Dalam sejarah, Dugderan pertama kali dilaksanakan di Masjid Kauman, Bupati Semarang selaku umara datang ke Masjid Besar Kauman untuk bersama-sama ulama menyampaikan hasil keputusan tantang awal puasa. Dari peristiwa tersebut dapat dipahami bahwa Dugderan merupakan ritual keaagamaan dan masjid merupakan pusat perkumpulan umat.

Proses ritual diawali dengan persiapan peserta arak-arakan Dugderan dan pentas Warak Ngendok serta tari Semarangan di Balaikota. Rombongan yang dipimpin oleh Walikota Semarang yang memerankan Bupati Semarang mulai berangkat dari Balaikota menuju Masjid Besar Kauman sekitar pukul 14.00 WIB dengan rute melewati jalan Pemuda. Rombongan Bupati Semarang dikawal oleh prajurti patang puluh dan arak-arakan Warak Ngendok. Sementara itu di serambi Masjid Besar Kauman telah berkumpul puluhan ulama dan habaib termuka di Semarang. Para ulama dan habaib membahas tentang awal bulan puasa dari berbagai dasar ilmu perhitungan. Musyawarah dipimpin oleh ulama tertua Masjid Besar Kauman. Setelah diambil keputusan bahwa puasa dimulai pada besok hari, maka dibuatlah surat keputusan ualama pada selembar kertas.

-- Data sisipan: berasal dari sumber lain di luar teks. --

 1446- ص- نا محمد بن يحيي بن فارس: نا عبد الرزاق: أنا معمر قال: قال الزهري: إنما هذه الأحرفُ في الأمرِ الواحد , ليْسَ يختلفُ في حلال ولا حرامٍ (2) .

Tidak lama kemudian, rombongan Bupati dan hadir pul Gubernur Jawa Tengah yang memerankan pemimpin Kesultanan Mataram atasan dari Bupati Semarang. Para ulama menyambut kedatangan para umara dengan suka cita di pelataran masjid. Setelah itu diteruskan dengan ramah tamah dan penyampaikan keputusan ulama tentang awal bulan puasa di serambi masjid. Dalam hal ini Bupati mengikuti keputusan para ulama dan sebagai pengukuhan atas keputusan ulama, Bupati berdiri dan membacakan teks surat keputusan ulama dimulainya ibadah puasa di bulan Ramadlan. Setelah Bupati selesai membakan surat keputusan, Bupati memukul Bedug Masjid Besar Kauman disaksikan segenap undangan. Bunyi meriam berdentuman dari kawasan Kanjengan seusai tabuhan bunyi gedug. Suasana semakin meriah dengan datangnya arak-arakan Warak Ngendog dan rombongan lainnya.
Pada awalnya, pada saat Bupati membacakan surat keputusan suasana menjadi hehing dan penuh perhatian. Seusai membacakan naskah kemudian Bupati memukul Bedug dan pada saat itu juga disulut meriam sehingga masyarakat merasa gembira dan senang. Dalam suasana bingarnya meriam dan bedug, dikeluarkan sebuah karya fenomenal dan menarik perhatian yang berupa seekor binatang khayal yang selanjutnya disebut dengan Warak Ngendok. Hadirnya Warak Ngendok dalam tradisi tersebut sebagai seekor binatang khayalan yang dapat menarik perhatian masyarakat sekitar. Hingga kemudian disebut dengan Warak Ngendok sebagai simbol tradisi Dugderan yang diadakan setiap menjelang bulan Ramadlan.
Perkembangan selanjutnya tradisi ini tidak lagi menggunakan meriam sebagai penggantinya digunakankanlah bom udara dan sekarang sirene untuk menandai dimulainya tradisi Dugderan. Saat ini, tradisi ini sudah berkembang lebih semarak ditandai dengan datangnya para pedagang “tiban” yang menjajakan aneka permainan anak, makanan dan banyak lagi yang lain. Kondisi demikian memberikan warna baru terhadap trasidi Dugderan.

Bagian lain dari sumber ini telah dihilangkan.